7 Common Mistakes When Dieting To Lose Weight

When looking for a diet to lose weight you can make mistakes that prevent you from achieving good results. Know some of those mistakes and try to avoid them.

We know that a balanced diet and regular physical exercise are the keys to losing weight and keeping it stable.

However, in the quest for quick results, some people make mistakes that eventually become an obstacle to achieving the goal. For example, taking “shortcuts” to lose weight quickly that can affect health.

Common mistakes when wanting to lose weight quickly

Understanding that a slim and slim figure cannot be achieved overnight is critical to making the right decisions. For this reason, we share here  7 mistakes that you should avoid when you want to lose kilos  through healthy eating habits.

Also read The risks of eating a diet that is not according to your body

1. Choose strict low-calorie diets

Low-calorie or “miracle” diets usually give obvious results in a few days. However, it is essential to note that they tend to have a deficit of nutrients that can affect health. 

As a consequence, metabolic disorders can arise that, in short, will lead to easily regain lost weight. Also, since they lack essential nutrients, muscle mass can be compromised, as can the skeletal system.

2. Eat lots of meals

Although the idea of ​​5 meals a day was promoted for many years, the truth is that intermittent fasting protocols have proven to be very effective in improving body composition.

There is also evidence that it helps to ensure good health. For this reason we do not recommend eating if you are not hungry. Anyway, before considering a fast it is always good to check that there are no pathologies.

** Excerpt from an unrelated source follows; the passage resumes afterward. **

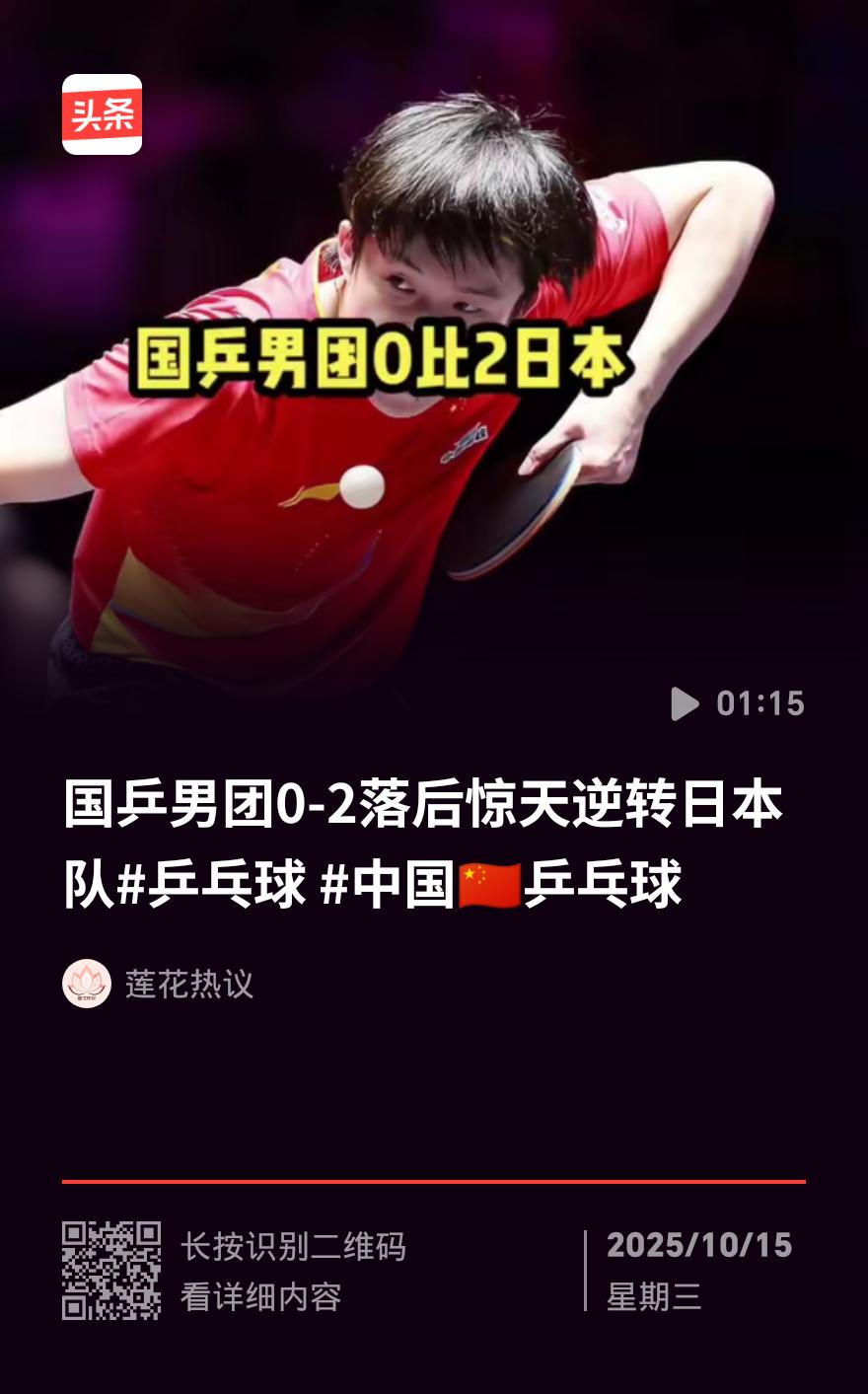 快讯:国乒0-2逆袭日本!王楚钦打服日媒,28年不败太狠 亚锦赛男团半决赛上演“心脏过山车”!国乒开局0-2落后日本,眼看要翻车,林诗栋先扛旗扳分,王楚钦再跟张本智和死磕。 决胜局1-4落后的王楚钦像开了挂,直接逆转赢球,日媒都夸他有“世界第一气魄”。最后梁靖崑锁定胜局,国乒3-2翻盘,把28年对日本不败的神话续上了!国球乒乓王楚钦 乒乓王楚钦 赛场雄狮王楚钦

3. Relying too much on light packaging

Base the diet on light and whole foods

The food industry knows that green or “light” labeled packages are very attractive to consumers trying to lose weight.

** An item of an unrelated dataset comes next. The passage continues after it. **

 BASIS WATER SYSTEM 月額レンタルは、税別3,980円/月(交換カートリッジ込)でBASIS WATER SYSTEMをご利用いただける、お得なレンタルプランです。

Although many of the “light” foods contain fewer calories than their normal presentations, the fact that they have this type of label does not mean that they are healthier. It is important to understand that they also provide calories and also contain food additives that can be harmful to the body.

The most worrying thing is that some tend to consume them in excess because they believe that being “light” they do not provide calories or products that may be harmful. It is important to read food labels, even when they are advertised as “healthier.” 

Also read What is nutrition labeling?

4. Cut out sources of fat

Foods high in fat are the main culprits for overweight, obesity and other metabolic disorders that affect health. However, the body needs a certain amount of these substances to function.

Therefore, you must learn to differentiate the good fats from the bad ones. For example, it is preferable to eat unsaturated fatty acids found, among others, in the following foods:

  • Olive oil.
  • Flax seeds.
  • Avocado.
  • Blue Fish.
  • Sunflower seeds.

Think that trans fatty acids are the ones that really do harm your health, according to a study published in Diabetes & Metabolic Syndrome.

5. Consume too much salt

The salt

Salt itself does not add weight or add calories to the diet, but it can cause an increase in body weight due to  fluid retention . In turn, fluid retention overexposes organs such as the heart and kidneys, causing health problems. Therefore, moderating your salt intake is part of the advice to achieve a healthy diet.

Consequently, although the  sodium  in salt is necessary in the body, it is advisable to  moderate salt intake  to take care of the normal functioning of the body.

6. Not drinking enough water

Water is a fundamental component of the body and metabolism. Metabolic reactions in the body use and release water. Therefore, hydration is essential to maintain a correct metabolic rate.  In addition, they enhance the processes responsible for detoxifying the body.

7. Include few vegetables

Vegetables

Fresh, raw vegetables are often the best allies in all weight loss meal plans. They are packed with antioxidants, vitamins, and minerals that support metabolism and fat loss.

Their high nutritional quality and low caloric value make them an essential complement to any diet.

Improve diet to ensure good health

So now that you’ve identified some dietary mistakes, try to avoid them so you don’t fail in your plan to reach your ideal weight. Remember also that regular physical exercise will be essential to achieve efficient weight loss. This way you will maintain an optimal body composition state that will reduce the risk of developing pathologies in the medium and long term.

Finally, do not forget that rest also influences all these parameters. The quality of sleep is a factor to consider.